Emily Snook is the daughter of a Southern Baptist pastor. She met her husband, also a pastor, while they attended a Southern Baptist university
Yet the 39-year-old Oklahoma woman now finds herself wondering if it’s time to leave the nation’s largest Protestant denomination, in part because of practices and attitudes that limit women’s roles.
“Every day I ask that,” Snook said. “I don’t know what the right answer is.”
She’s not alone. Among the millions of women belonging to churches of the Southern Baptist Convention, there are many who have questioned the faith’s gender-role doctrine and more recently urged a stronger response to disclosures of sexual abuse perpetrated by SBC clergy.

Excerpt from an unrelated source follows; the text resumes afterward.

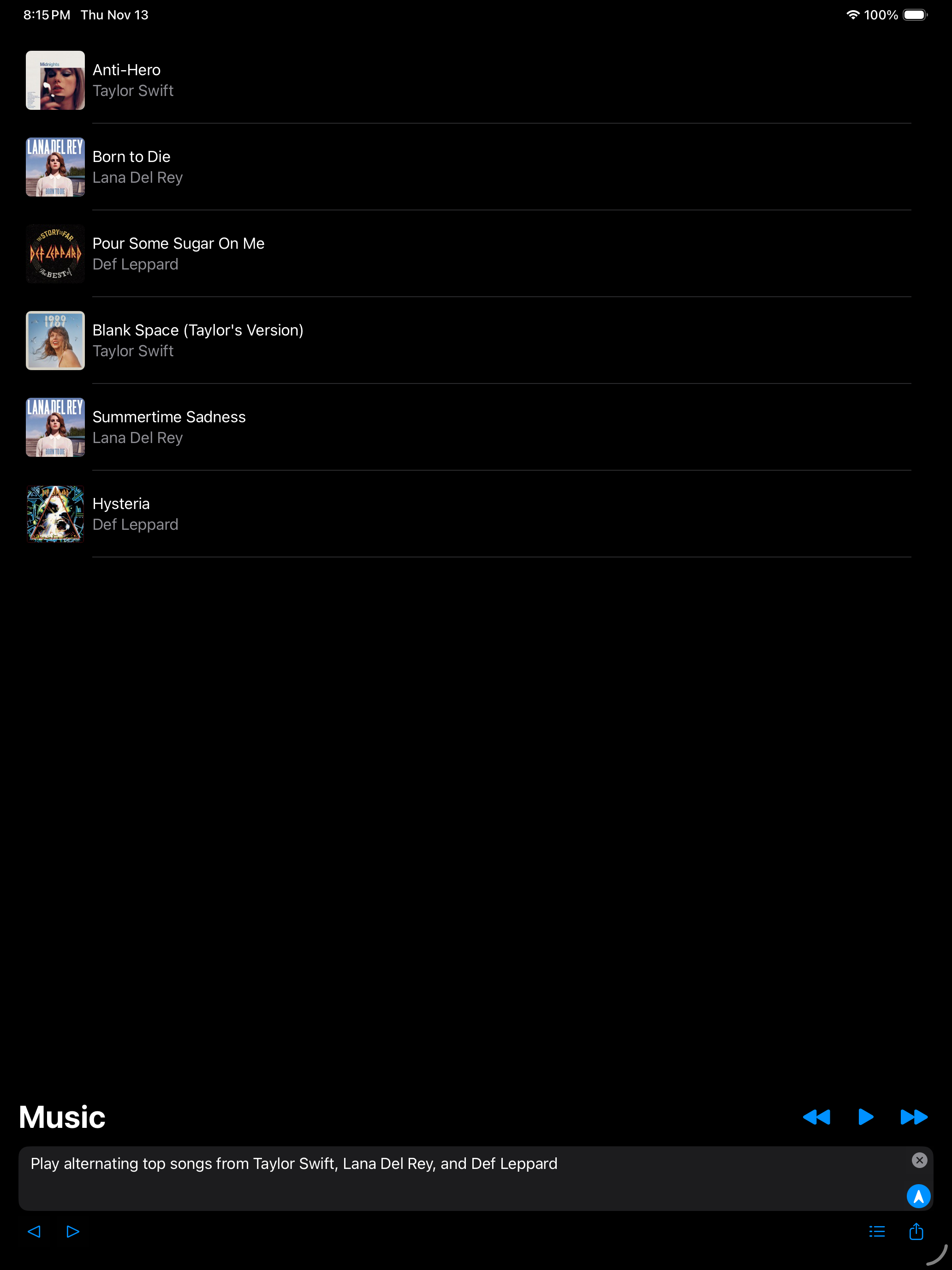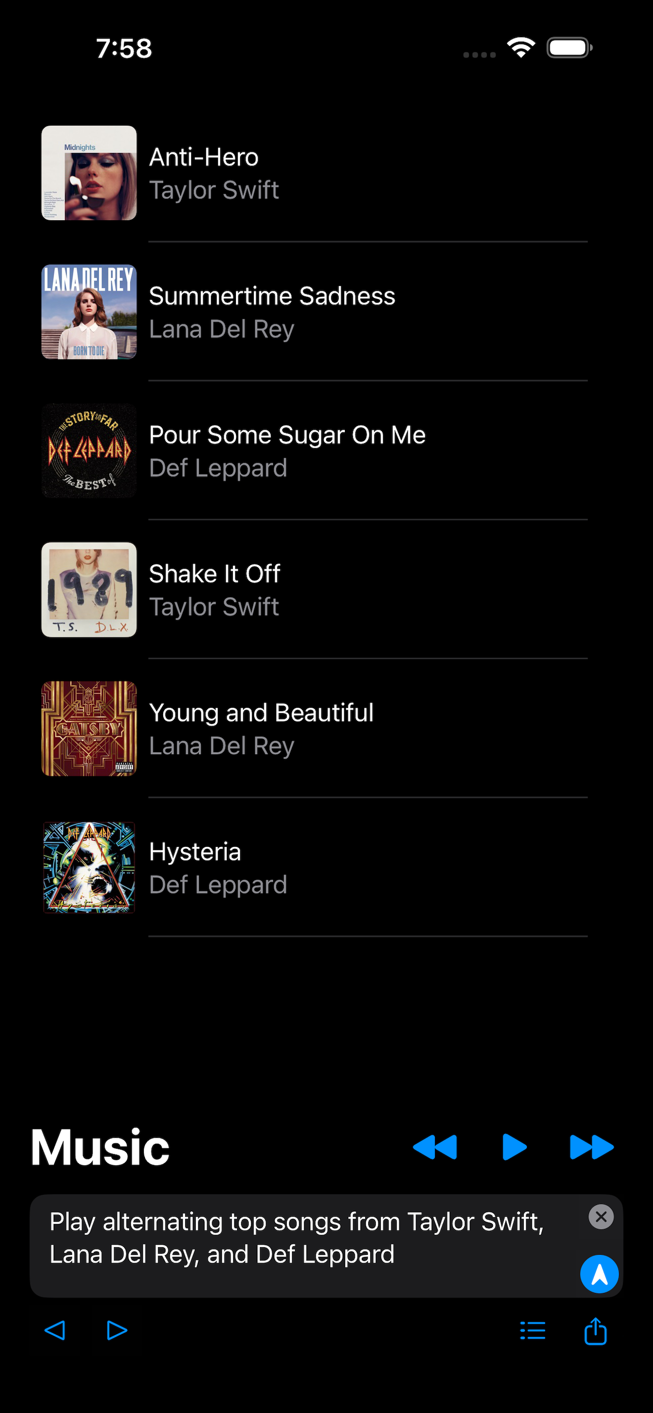 You can enter advanced music AI prompt commands like "Play alternating top songs from Taylor Swift, Lana Del Rey, and Sia" and the AI-Jukebox will automatically generate and play the instant song list.

For many SBC women, even those committed to staying, the topic of gender became more volatile this month when popular Bible teacher Beth Moore said she no longer considered herself Southern Baptist. Moore, perhaps the best-known evangelical woman in the world, had drawn the ire of some SBC conservatives for speaking out against Donald Trump in 2016 and suggesting the denomination had problems with sexism.
Karen Swallow Prior, a professor of English and Christianity and Culture at Southeastern Baptist Theological Seminary, has belonged to an SBC megachurch and wrote a passionate article in February explaining why she remains Southern Baptist.
Yet she is among a number of SBC women publicly sharing their dismay about sex abuse and the vitriol directed at Moore.
“Beth has been scorned, mocked, and slandered while doing exactly what the denomination has determined she could and should do: be a woman teaching other women,” Prior said via email.
“I cannot count the number of women who have reached out to me over the past few years, lamenting and grieving the way women have been and are being treated in some SBC churches and by some denominational leaders,” Prior added. “If these women leave, it won’t be because Beth left. It will be because the men the Baptist Faith and Message says are supposed to lead in Christ-like ways have failed to do so.”
Prior was referring to the doctrine adopted by the SBC in 2000 which espouses male leadership in the home and the church and says a wife “is to submit herself graciously to the servant leadership of her husband.” It specifies that women cannot be pastors, citing the Apostle Paul’s biblical admonition, “I do not allow a woman to teach or to have authority over a man; instead, she is to remain quiet.”
Moore, through three decades as a Bible teacher, focused her outreach on women, but sometimes taught before audiences that also included men.
Snook, who lives in Norman, Oklahoma, said she grew up being taught that men were leaders in the church and the home “to protect women, to lift them up.”